HOW TO COMPLETE THIS TASK: Type the listing below out again exactly. No images.

PROVIDED MATERIAL:
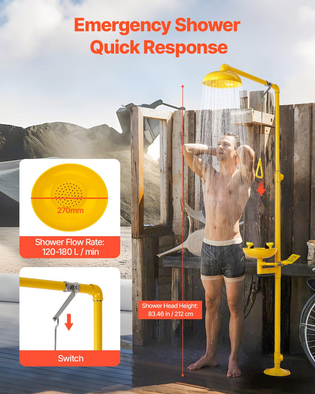 Estación lavaojos de emergencia VEVOR, 87,5 x 40,7 x 23,8 cm, acero inoxidable 304, combinación de ducha y lavaojos, estación de primeros auxilios aprobada por OSHA, para escuelas, laboratorios y fábricas, color amarillo.
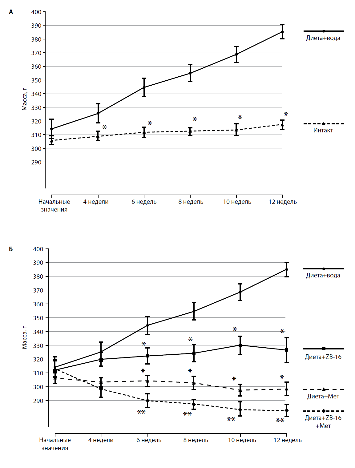 2. Figure 2. The mass of animals kept for 12 weeks in a high-calorie and fat diet and treated with drinking water (A) and ZB-16 with metformin (B). | |
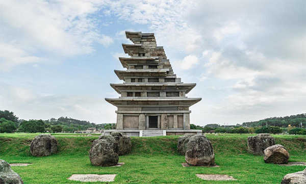 국립익산박물관을 지표면 높이에 맞춘 ‘보이지 않는 박물관’으로 만들어 광활한 미륵사지터의 양 끝에 두 개의 석탑이 대화하듯 마주 보고 있는 고즈넉한 풍광도 일품이다.
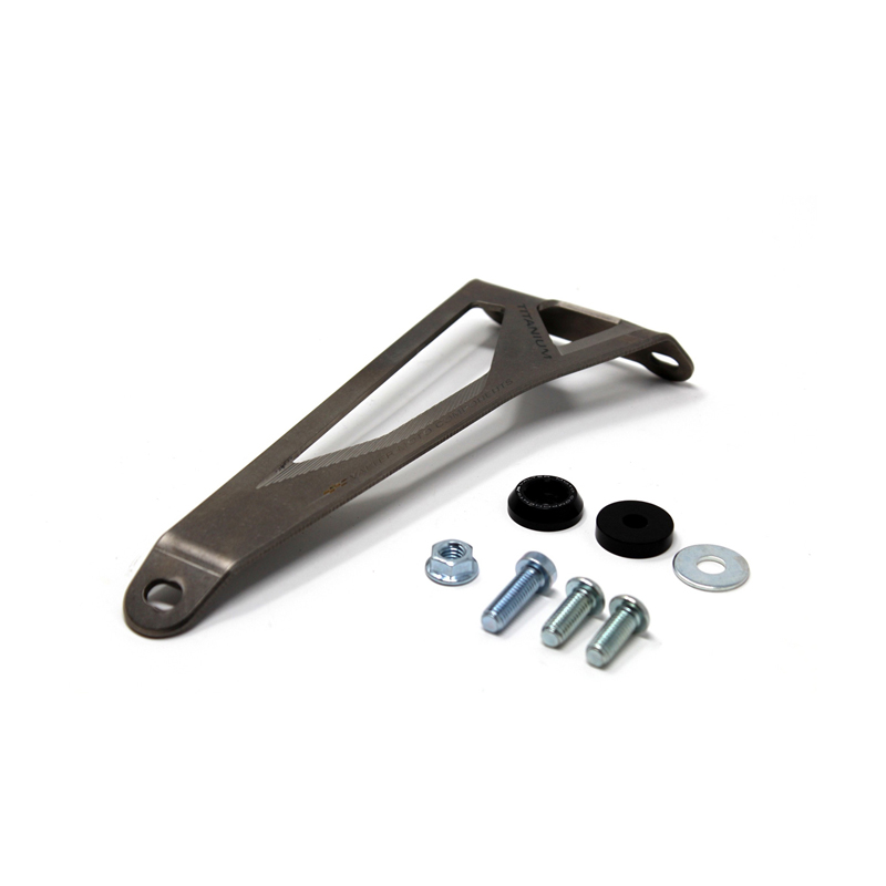 La staffa supporto silenziatore VMC è realizzata in Titanio ed è stata sviluppata in collaborazione con Team professionali per ottenere il miglior rapporto peso/robustezza. Le finiture di alleggerimento della staffa sono effettuate con macchine a controllo numerico CNC per una lavorazione di massima precisione. Non sono richieste modifiche e la staffa è di facile montaggio al posto di quella di serie. È notevolmente più leggera della staffa originale e viene fornita con un distanziale conico in alluminio marchiato VMC per il fissaggio del silenziatore.

ANSWER SECTION:
 Estación lavaojos de emergencia VEVOR, 87,5 x 40,7 x 23,8 cm, acero inoxidable 304, combinación de ducha y lavaojos, estación de primeros auxilios aprobada por OSHA, para escuelas, laboratorios y fábricas, color amarillo.
 2. Figure 2. The mass of animals kept for 12 weeks in a high-calorie and fat diet and treated with drinking water (A) and ZB-16 with metformin (B). | |
 국립익산박물관을 지표면 높이에 맞춘 ‘보이지 않는 박물관’으로 만들어 광활한 미륵사지터의 양 끝에 두 개의 석탑이 대화하듯 마주 보고 있는 고즈넉한 풍광도 일품이다.
 La staffa supporto silenziatore VMC è realizzata in Titanio ed è stata sviluppata in collaborazione con Team professionali per ottenere il miglior rapporto peso/robustezza. Le finiture di alleggerimento della staffa sono effettuate con macchine a controllo numerico CNC per una lavorazione di massima precisione. Non sono richieste modifiche e la staffa è di facile montaggio al posto di quella di serie. È notevolmente più leggera della staffa originale e viene fornita con un distanziale conico in alluminio marchiato VMC per il fissaggio del silenziatore.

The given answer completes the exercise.